Deciphering Neutrophil Heterogeneity and Thrombosis-Related Alterations in JAK2V617F-Mutated Myeloproliferative Neoplasms through Multi-Omics and Single-Cell Transcriptome Analysis

Background:

Neutrophils, the most abundant leukocytes, are increasingly recognized as crucial pathogenic mediators linking pro-inflammatory signatures to pro-thrombotic risk in myeloproliferative neoplasms (MPNs). However, the underlying mechanisms linking these changes to metabolic reprogramming of neutrophils and thrombosis in JAK2V617F-mutated MPN patients remain unknown.

Methods:

We studied the clinical data of 621 treatment-naïve MPN patients and 35 healthy donors (HDs) in our hospital. Integrated analysis of scRNA-seq of neutrophils and plasma cell-free RNA sequencing were performed to explore the underlying mechanism. The GSE54644 dataset, contains 49 JAK2V617F-mutated essential thrombocythemia (ET)/polycythemia vera (PV) and 11 HDs were used to validate our findings. scRNA-seq in cells dissociated from atherosclerosis model in Jak2^VFLdlr^-/- mice was utilized to uncover changes in neutrophil profiles.

Results:

Our findings indicated that the JAK2V617F mutation results in the highest neutrophil counts and proportions in both ET (n=203, p<0.0001) and PV patients (n=264, p<0.0001), when compared with other driver mutations (CALR, MPL, triple-negative) and HDs. Correlation analysis was conducted to determine the relationship between neutrophil counts and the allelic burden of the JAK2V617F mutation, and it revealed a significant positive correlation in both ET (r=0.43, p=1.4e-08) and PV (r=0.53, p<2.2e-16) patients. Additionally, elevated neutrophils count was associated with worse thrombosis-free survival in JAK2V617F-mutated ET (p=0.0098) and PV patients (p=0.019).

Next, plasma cell-free RNA from 23 ET patients and 28 HDs was profiled, and cell-type-specific RNA fractions was deconvolved using the Cibersort algorithm. CD4 naïve T cells, neutrophils, and naïve B cells comprised the majority of observed signal. Moreover, we observed distinct proportions of cell types of origin between ET patients and HDs, with neutrophil proportions was significantly higher in ET patients than HDs (p<0.001).

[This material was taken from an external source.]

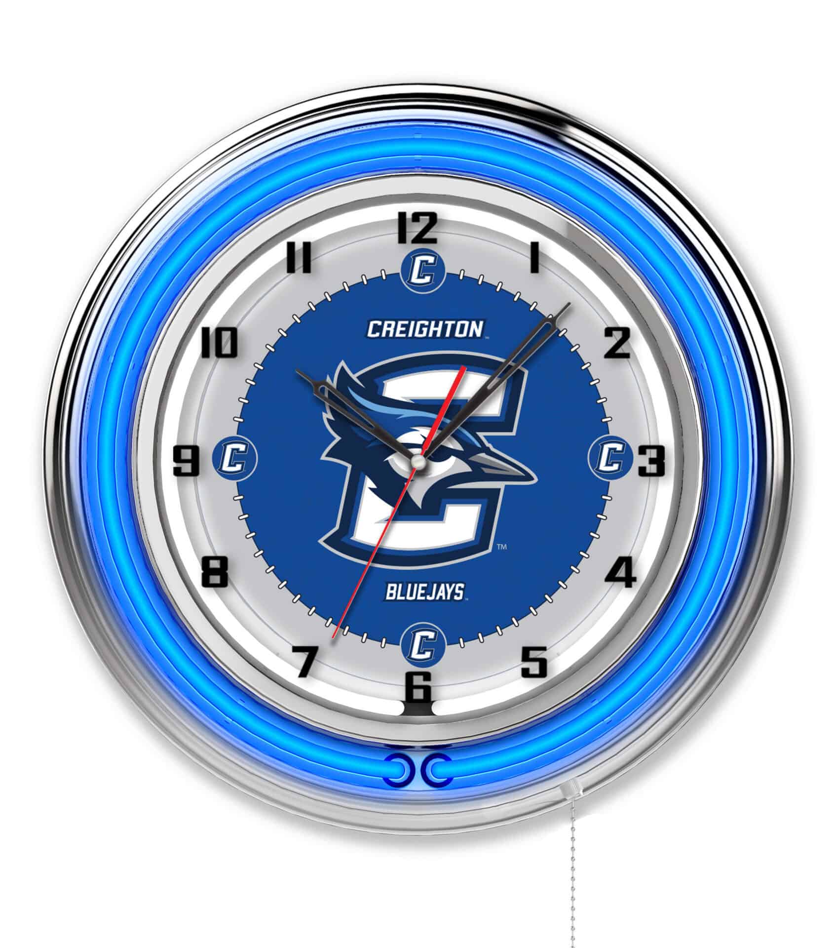 The Creighton University 19-Inch Neon Logo Clock in Chrome is the perfect addition to any fan’s collection, combining vibrant team spirit with functional design. Featuring a striking chrome casing and a neon outer ring in team colors, this clock not only tells time but also makes a bold statement. The brilliant white inner neon ring illuminates the custom printed clock face, ensuring visibility in any setting. With easy ON/OFF operation via a pull chain, this clock is powered by a standard 120V outlet and includes a UL Listed power transformer. Its accurate quartz movement is powered by a single AA battery (not included), making it a reliable choice for keeping track of time while showcasing your pride.

Regarding the proportion of neutrophils, it was highest in patients with JAK2V617F mutation compared with other driver gene mutations, and in patients with thrombosis compared with those without thrombosis.

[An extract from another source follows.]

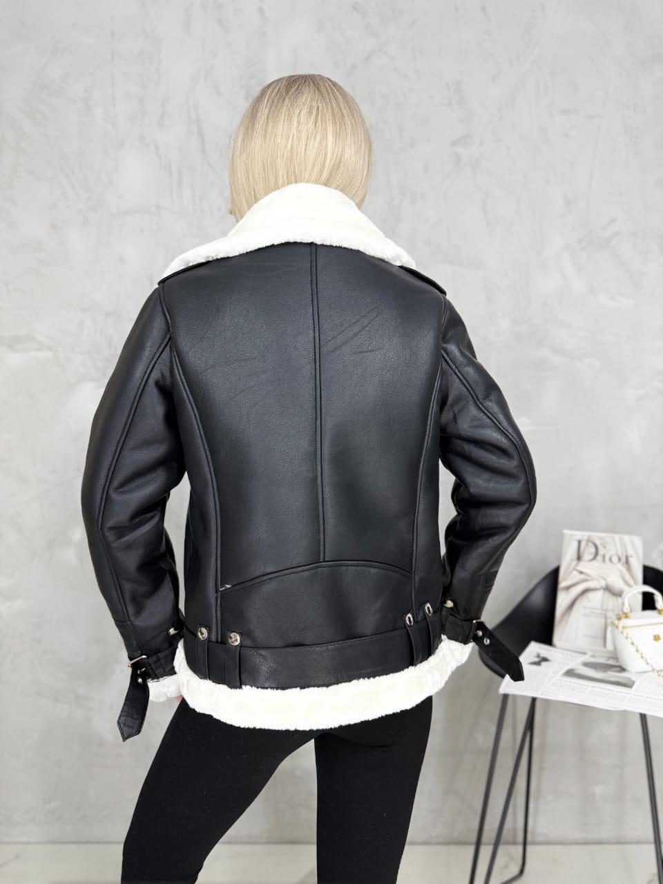 модная чёрная косуха на белом меху (дубленка с двойными карманами на молниях и поясом внизу)

Through scRNA-seq analysis of neutrophils, we provided a comprehensive characterization of the neutrophils landscape, including 61364 cells from JAK2V617F-mutated MPN patients and 32305 cells from HDs. Four distinct neutrophil subclusters (Neu-1, 2, 3, 4) were identified. Using monocle2 and cytoTRACE algorithms, we determined that the Neu-3 phenotype was the least mature, and was most represented in JAK2V617F-mutated MPNs when compared to HDs. Neu-3 exhibited the most significant roles in ROS response, inflammatory, glycolysis, and lipid metabolism. Flow cytometry confirmed that the mean fluorescence intensity (MFI) of neutrophil ROS was significantly increased in JAK2V617F-mutated MPN than HDs. Furthermore, pathways including JAK-STAT signaling, fluid shear stress atherosclerosis, neutrophil extracellular traps formation, and mitogen-activated protein kinase signaling were significantly upregulated in JAK2V617F-mutated MPN than HDs, especially in Neu-3 phenotype. These results were corroborated by neutrophils transcriptome from GSE54644 dataset. Neutrophils in an atherosclerosis model of Jak2^VFLdlr^-/- mice were also enriched in glycolysis, ferroptosis, lipid metabolism and atherosclerosis pathways when compared to the control.

Conclusions:

Our findings reveal the pivotal roles of neutrophils in metabolic reprogramming and thrombosis-related pathways in JAK2V617F-mutated MPN patients. Neutrophils also demonstrated significant clinical relevance for atherosclerosis in precursor disease models of MPN.